> **THE RECORDS**
· · · · · · ·

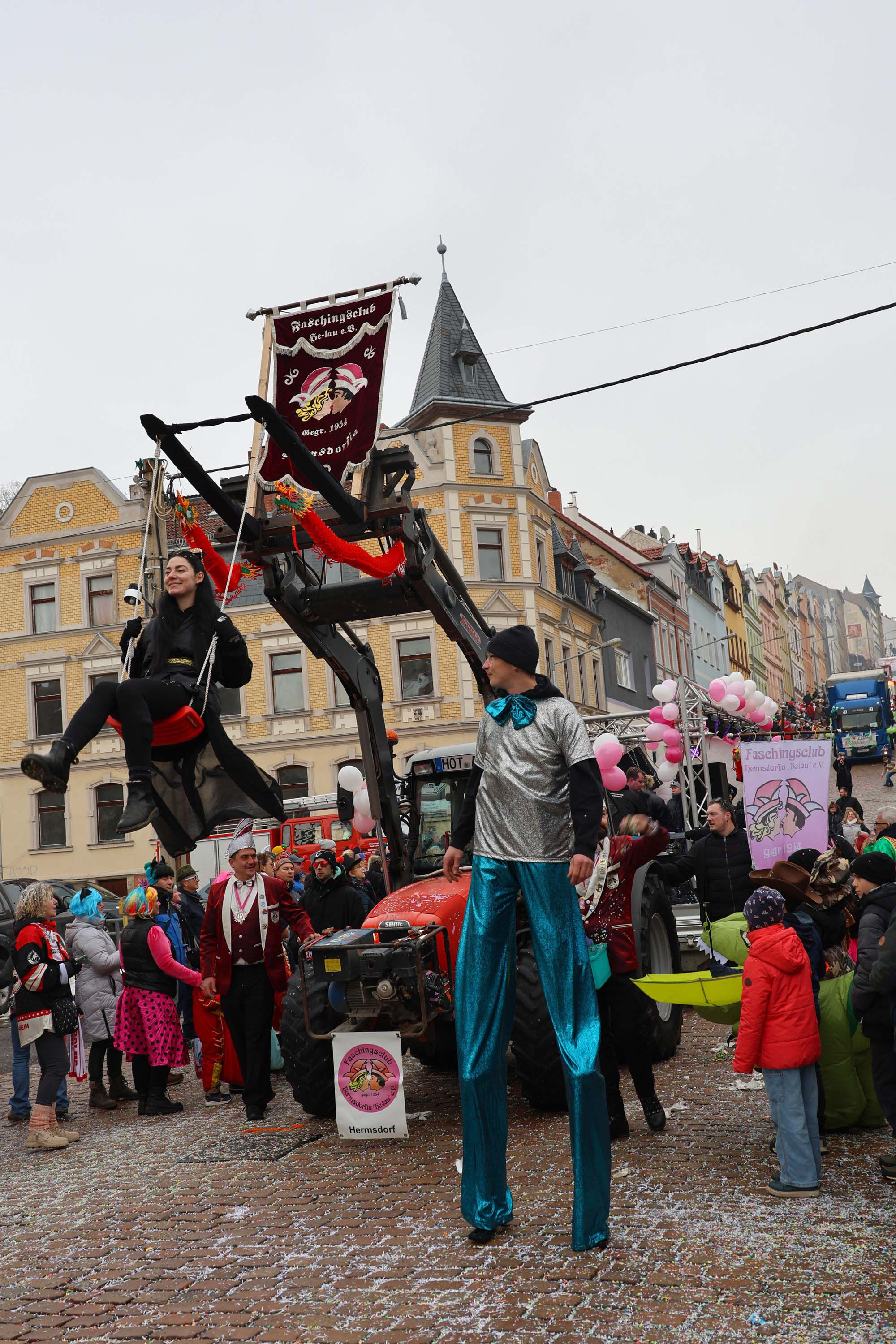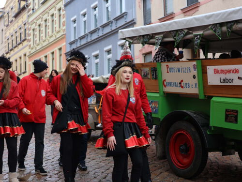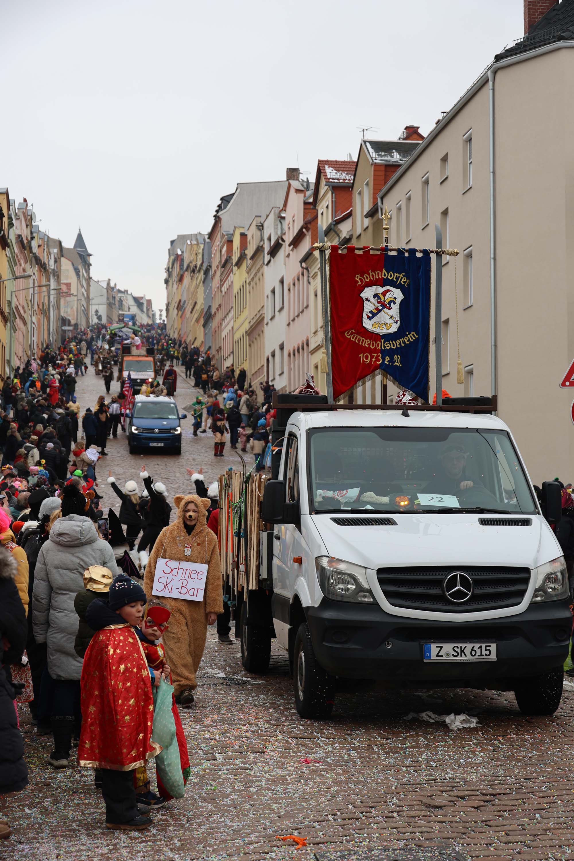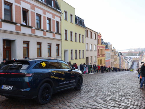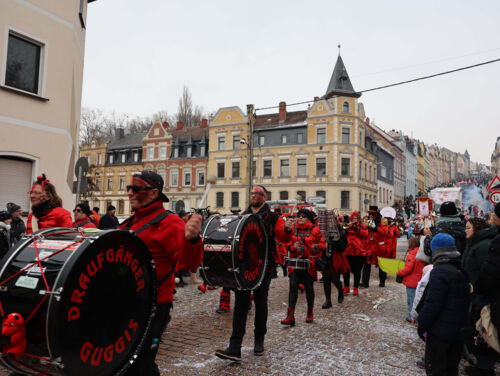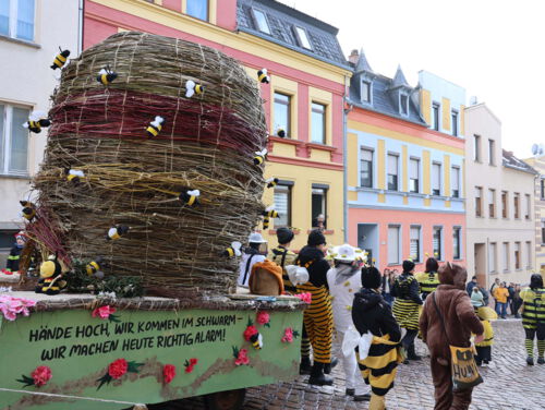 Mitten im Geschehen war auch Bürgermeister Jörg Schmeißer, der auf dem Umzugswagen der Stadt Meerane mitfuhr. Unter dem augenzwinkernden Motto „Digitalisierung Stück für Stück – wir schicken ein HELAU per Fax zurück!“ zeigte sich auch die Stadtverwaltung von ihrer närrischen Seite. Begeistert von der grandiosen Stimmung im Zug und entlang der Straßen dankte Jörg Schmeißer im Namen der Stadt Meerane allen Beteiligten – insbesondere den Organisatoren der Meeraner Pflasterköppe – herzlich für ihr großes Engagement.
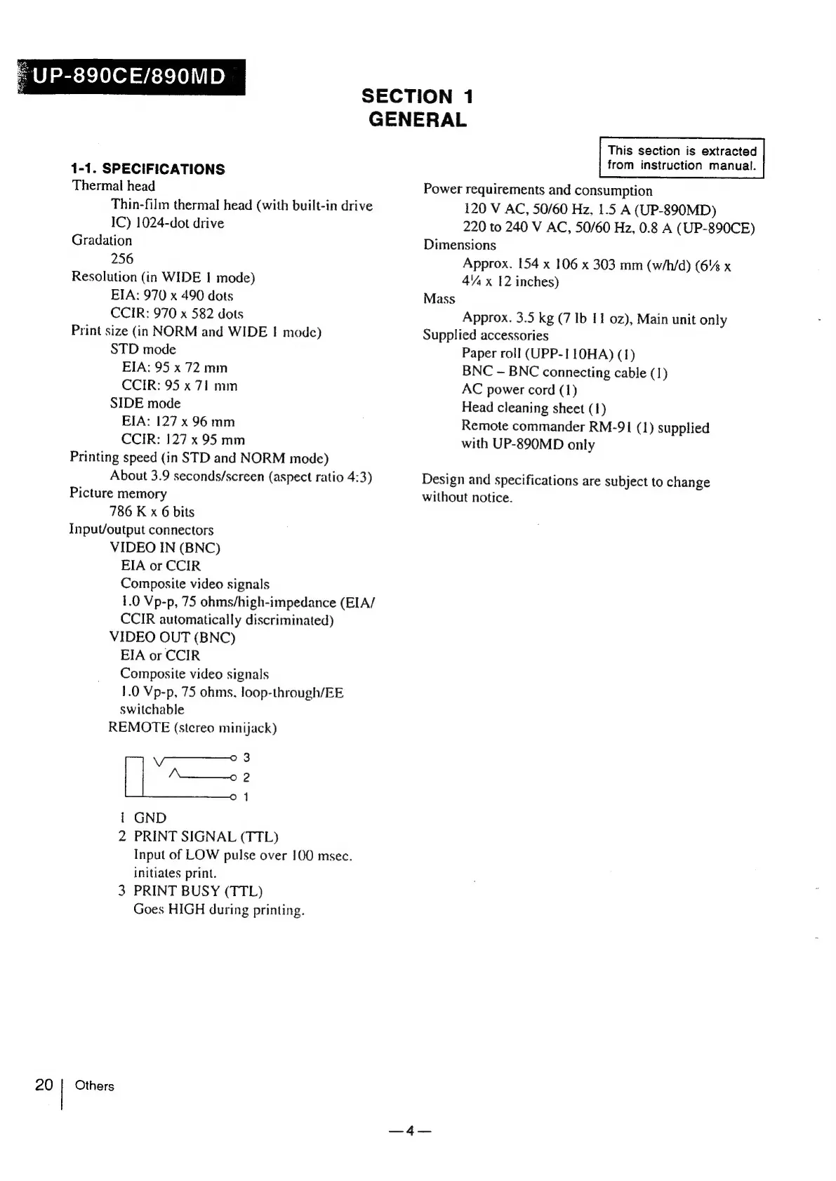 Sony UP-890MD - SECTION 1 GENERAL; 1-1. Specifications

· · · · · · ·

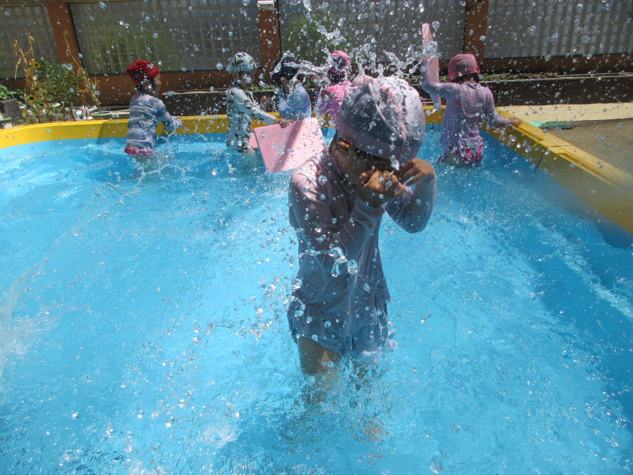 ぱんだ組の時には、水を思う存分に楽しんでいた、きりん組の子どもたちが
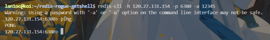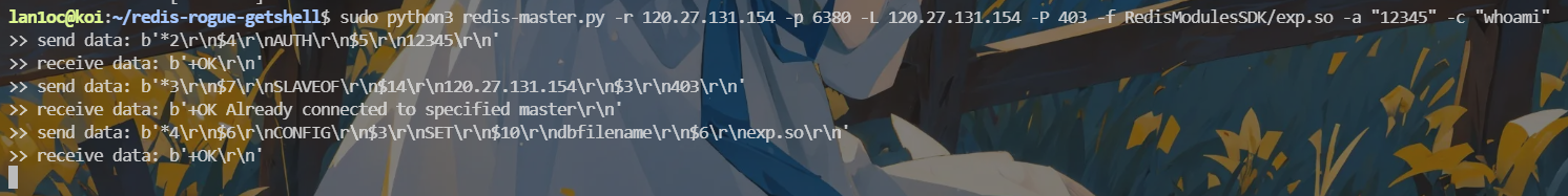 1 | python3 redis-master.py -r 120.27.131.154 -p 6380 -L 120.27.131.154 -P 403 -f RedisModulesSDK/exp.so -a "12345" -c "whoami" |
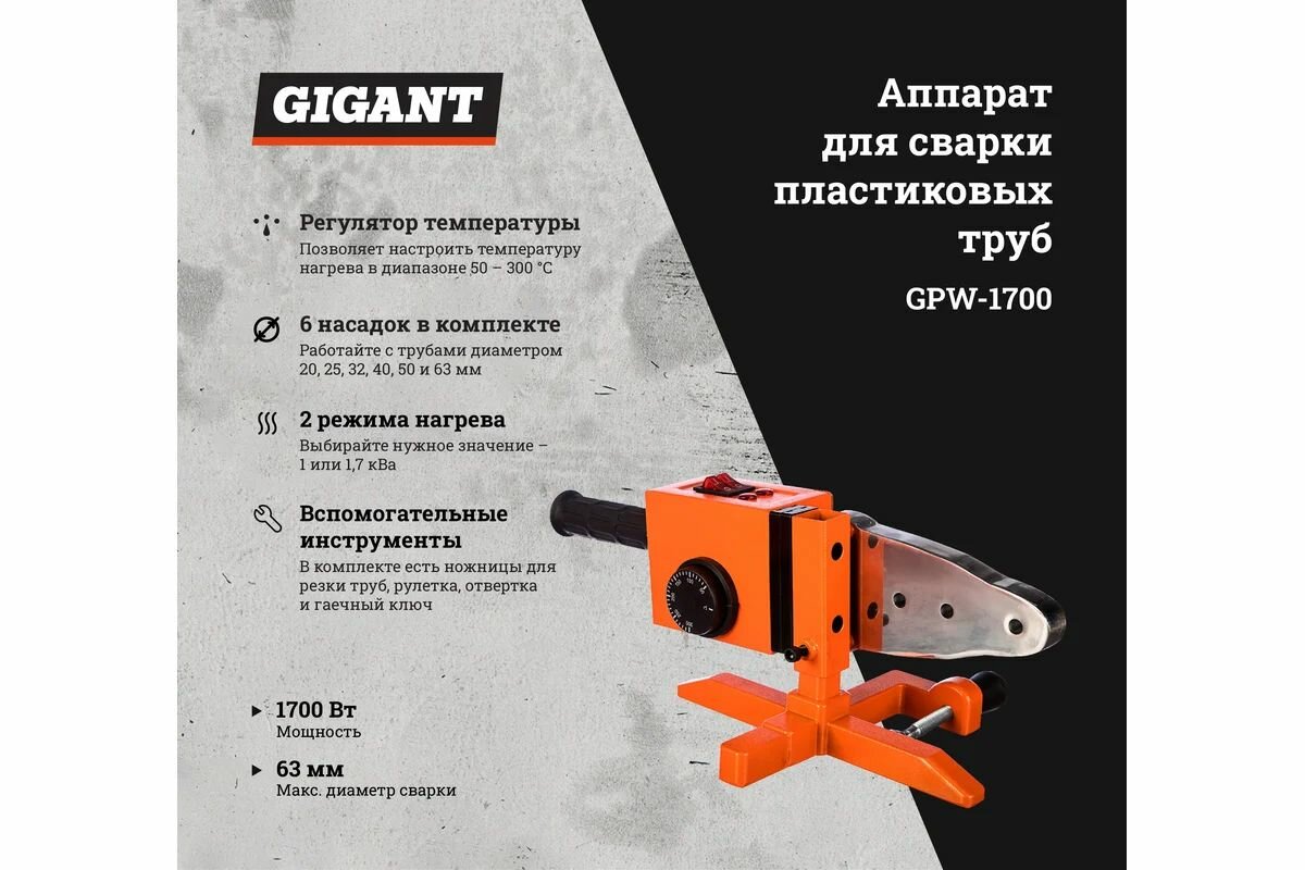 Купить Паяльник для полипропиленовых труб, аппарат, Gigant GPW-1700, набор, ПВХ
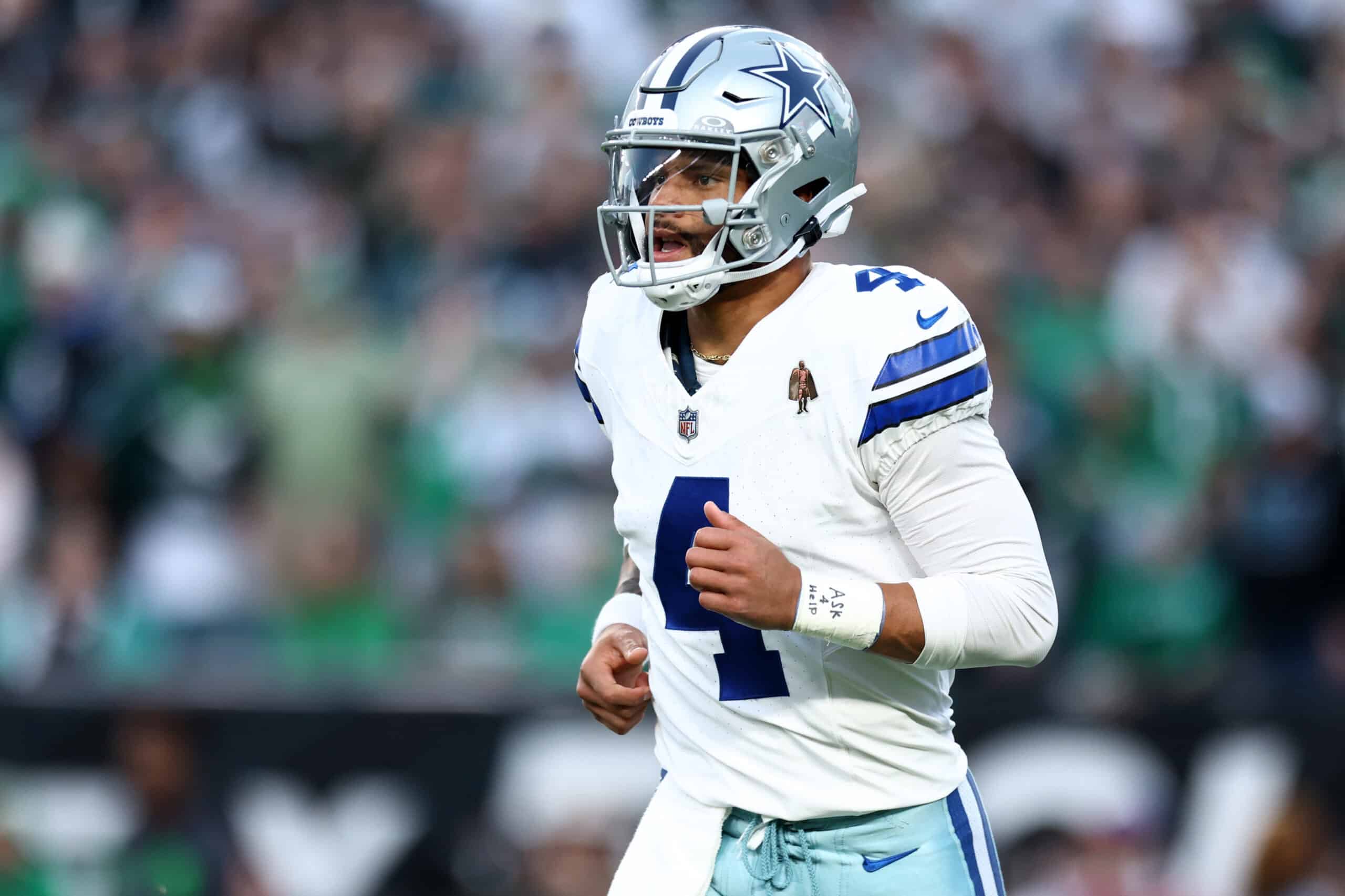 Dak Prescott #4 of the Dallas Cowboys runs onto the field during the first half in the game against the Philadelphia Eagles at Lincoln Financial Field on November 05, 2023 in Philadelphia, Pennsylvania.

· · · · · · ·

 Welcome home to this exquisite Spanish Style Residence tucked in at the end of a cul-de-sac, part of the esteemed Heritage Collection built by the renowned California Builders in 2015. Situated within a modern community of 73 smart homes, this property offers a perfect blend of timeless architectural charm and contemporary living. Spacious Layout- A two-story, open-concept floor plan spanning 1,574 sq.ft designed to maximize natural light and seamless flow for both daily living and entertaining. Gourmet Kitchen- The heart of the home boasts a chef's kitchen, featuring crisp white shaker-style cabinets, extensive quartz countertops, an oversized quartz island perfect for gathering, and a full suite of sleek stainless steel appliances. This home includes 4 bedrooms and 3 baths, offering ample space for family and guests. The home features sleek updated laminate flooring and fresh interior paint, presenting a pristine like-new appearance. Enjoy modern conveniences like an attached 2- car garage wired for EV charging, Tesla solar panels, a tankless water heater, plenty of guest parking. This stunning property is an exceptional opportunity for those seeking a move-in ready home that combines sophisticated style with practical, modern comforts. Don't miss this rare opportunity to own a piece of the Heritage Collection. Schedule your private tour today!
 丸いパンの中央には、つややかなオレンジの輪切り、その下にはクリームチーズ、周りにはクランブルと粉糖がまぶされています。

· · · · · · ·

> **PROBLEM TO WORK ON**
Leaving out each picture, repeat exactly the lines above from the one that contains "Mitten im Geschehen" through the one that contains "Sony UP-890MD - SECTION".

> **TASK ANSWER**
 Mitten im Geschehen war auch Bürgermeister Jörg Schmeißer, der auf dem Umzugswagen der Stadt Meerane mitfuhr. Unter dem augenzwinkernden Motto „Digitalisierung Stück für Stück – wir schicken ein HELAU per Fax zurück!“ zeigte sich auch die Stadtverwaltung von ihrer närrischen Seite. Begeistert von der grandiosen Stimmung im Zug und entlang der Straßen dankte Jörg Schmeißer im Namen der Stadt Meerane allen Beteiligten – insbesondere den Organisatoren der Meeraner Pflasterköppe – herzlich für ihr großes Engagement.
 Sony UP-890MD - SECTION 1 GENERAL; 1-1. Specifications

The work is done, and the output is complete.